Retrieve the entity id of this SP.
public getEntityId ( ) : string
Résultat string The entity id of this SP.

getIdPMetadata() public méthode

Retrieve the metadata of an IdP.
public getIdPMetadata ( string $entityId ) : SimpleSAML_Configuration
$entityId string The entity id of the IdP.
Résultat SimpleSAML_Configuration The metadata of the IdP.

getMetadata() public méthode

Retrieve the metadata of this SP.
public getMetadata ( ) : SimpleSAML_Configuration
Résultat SimpleSAML_Configuration The metadata of this SP.

getMetadataURL() public méthode

Retrieve the URL to the metadata of this SP.
public getMetadataURL ( ) : string
Résultat string The metadata URL.

handleLogout() public méthode

Handle a logout request from an IdP.
public handleLogout ( string $idpEntityId )
$idpEntityId string The entity ID of the IdP.

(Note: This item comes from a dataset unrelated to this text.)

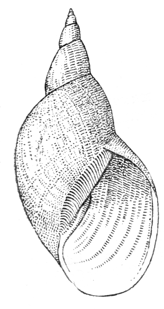 drawing of the shell of Lymnaea stagnalis

handleResponse() public méthode

Handle a response from a SSO operation.
public handleResponse ( array $state, string $idp, array $attributes )
$state array The authentication state.
$idp string The entity id of the IdP.
$attributes array The attributes.

handleUnsolicitedAuth() public static méthode

This method creates a session from the information received. It will then redirect to the given URL. This is used to handle IdP initiated SSO. This method will never return.
public static handleUnsolicitedAuth ( string $authId, array $state, string $redirectTo )
$authId string The id of the authentication source that received the request.
$state array A state array.
$redirectTo string The URL we should redirect the user to after updating the session. The function will check if the URL is allowed, so there is no need to manually check the URL on beforehand. Please refer to the 'trusted.url.domains' configuration directive for more information about allowing (or disallowing) URLs.

logout() public méthode

Start logout operation.
public logout ( array &$state )
$state array The logout state.

onProcessingCompleted() public static méthode

Called when we have completed the procssing chain.
public static onProcessingCompleted ( array $authProcState )
$authProcState array The processing chain state.

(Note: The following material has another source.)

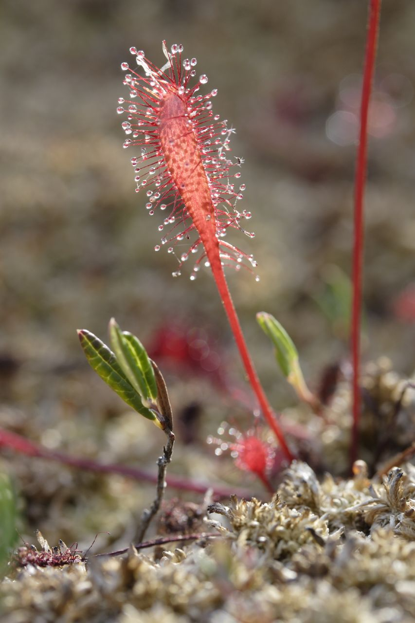 Great Sundew AKA English Sundew (Drosera anglica) Dysmorodrepanis 20:19, 27 May 2008 (UTC)

reauthLogout() public static méthode

This method will never return.
public static reauthLogout ( array $state )
$state array The state array.

reauthPostLogin() public static méthode

Complete login operation after re-authenticating the user on another IdP.
public static reauthPostLogin ( array $state )
$state array The authentication state.

reauthPostLogout() public static méthode

This method will never return.
public static reauthPostLogout ( SimpleSAML_IdP $idp, array $state )
$idp SimpleSAML_IdP The IdP we are logging out from.
$state array

reauthenticate() public méthode

This function is called by the IdP to give the authentication source a chance to interact with the user even in the case when the user is already authenticated.
public reauthenticate ( array &$state )
$state array

sendSAML2AuthnRequest() public méthode

This function does not return.
public sendSAML2AuthnRequest ( array &$state, SAML2\Binding $binding, AuthnRequest $ar )
$state array
$binding SAML2\Binding The binding.
$ar SAML2\AuthnRequest The authentication request.

startSLO2() public méthode

Start a SAML 2 logout operation.
public startSLO2 ( array &$state )
$state array The logout state.

startSSO() public méthode

Send a SSO request to an IdP.
public startSSO ( string $idp, array $state )
$idp string The entity ID of the IdP.
$state array The state array for the current authentication.